Berdasarkan data Riset Kesehatan Dasar (RISKESDAS) 2013, prevalensi penderita
katarak di Indonesia yaitu 1,8% dimana prevalensi katarak tertinggi yaitu provinsi
Sumatera Utara (3,7%) diikuti oleh Jambi (2,8%) dan Bali (2,7%). Sedangkan
provinsi dengan prevalensi katarak terendah ditemukan di DKI Jakarta (0,9%),
Sulawesi Barat (1,1%) dan Maluku (2,2%).3
3. Klasifikasi Katarak
Berdasarkan usia katarak dapat diklasifikasikan dalam:1
b. Katarak kongenital, katarak yang sudah terlihat pada usia di bawah 1 tahun.
c. Katarak juvenil, katarak yang terjadi sesudah usia 1 tahun.
d. Katarak senilis, katarak setelah usia 50 tahun.
Berdasarkan etiologi diklasifikasikan sebagai berikut:4,5
a. Katarak kongenital
b. Katarak akuisita, meliputi katarak senilis, katarak traumatika, katarak
komplikata, katarak metabolik, katarak oleh karena cedera listrik, katarak oleh
karena radiasi, katarak oleh karena logam berat dan obat-obatan, katarak yang
berhubungan dengan penyakit kulit maupun tulang, katarak dengan sindroma
lainnya seperti sindrom Down.
Berdasarkan morfologisnya diklasifikasikan sebagai berikut:4,5
a. Katarak kapsular, meliputi kapsul yaitu katarak kapsular anterior dan katarak
kapsular posterior.

8
b. Katarak subkapsular, mengenai bagian superfisial dari korteks (dibawah kapsul)
yaitu katarak subkapsular anterior dan katarak subkapsular posterior.
c. Katarak kortikal, meliputi sebagian besar dari korteks.
d. Katarak supranuklear, meliputi bagian dalam korteks (diluar nukleus).
e. Katarak nuklear, meliputi nukleus dari lensa.
f.

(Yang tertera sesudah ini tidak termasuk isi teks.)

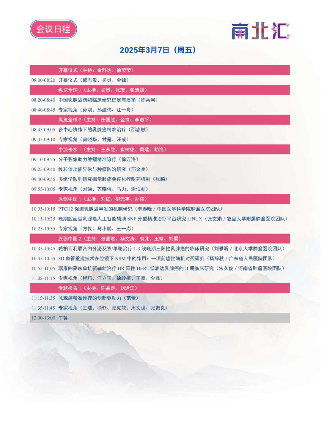 肿瘤瞭望:2025年南北汇-第七届乳腺肿瘤论坛即将召开,非常荣幸能够邀请到二位执行主席对会议相关内容进行介绍。首先,请二位主席向我们介绍下本次论坛的基本情况和会议亮点内容。

Katarak polaris, meliputi kapsul dan bagian superfisial dari korteks pada daerah
polar yaitu katarak polaris anterior dan katarak polaris posterior.
Berdasarkan klasifikasi Burrato:4,5
a. Grade I : nukleus lunak
Biasa terjadi pada usia < 50 tahun. Visus biasa masih lebih baik dari 6/12,
nukleus tampak sudut keruh dengan warna agak keputihan dan refleks fundus
masih mudah diperoleh.
b. Grade II : nukleus dengan kekerasan ringan
Nukleus mulai sedikit berwarna kekuningan. Visus biasa antara 6/12 atau
6/30, refleks fundus masih mudah diperoleh dan sering memberikan gambaran
katarak subkapsularis posterior.
c. Grade III : nukleus dengan kekerasan sedang/medium
Biasa semakin tua pasien nukleus semakin keras. Nukleus berwarna kuning
disertai kekeruhan korteks yang berwarna keabu-abuan. Visus antara 3/60 sampai
6/30.
d. Grade IV : nukleus keras
Usia pasien lebih dari 65 tahun dengan visus antara 3/60 sampai 1/60.
Nukleus tampak berwarna kuning kecoklatan dan refleks fundus maupun
keadaan fundus sudah sulit dinilai.
e. Grade V : nukleus sangat keras
Usia pasien lebih dari 65 tahun dengan visus antara 1/60 atau lebih jelek.
Nukleus tampak berwarna kecoklatan bahkan ada yang kehitaman disebut juga
brumescent cataract atau black cataract.

9
Katarak Senilis
Katarak senilis (age-related cataract) merupakan jenis katarak akuisita
(didapat) yang paling sering ditemukan pada laki-laki maupun perempuan, biasanya
berusia di atas 50 tahun. Pada usia sekitar 70 tahun, hampir 90% individu menderita
katarak. Kondisi kekeruhan biasanya bilateral akan tetapi hampir selalu kondisi salah
satu mata lebih berat dari mata lainnya. Secara morfologis katarak senilis dapat dibagi
menjadi dua jenis yaitu katarak kortikal dan katarak nuklear. Kedua jenis katarak ini
sering terjadi secara bersamaan. Penyebab katarak senilis sampai saat ini tidak
diketahui secara pasti. Namun beberapa teori dicetuskan terkait konsep penuaan
sebagai penyebab katarak senilis, sebagai berikut:1
a. Teori putaran biologik (A biologic clock)
b. Jaringan embrio manusia dapat membelah diri 50 kali kemudian mati.
c. Imunologis, dengan bertambahnya usia akan bertambah cacat imunologik yang
mengakibatkan kerusakan sel.
d. Teori mutasi spontan.
e. Teori “A free radical”
1) Free radical terbentuk bila terjadi reaksi intermediate reaktif kuat
2) Free radical dengan molekul normal mengakibatkan degenerasi
3) Free radical dapat dinetralisasi oleh antioksidan dan vitamin E
f. Teori “A cross link”
Ahli biokimia mengatakan terjadi pengikatan bersilang asam nukleat dan
molekul protein sehingga mengganggu fungsi.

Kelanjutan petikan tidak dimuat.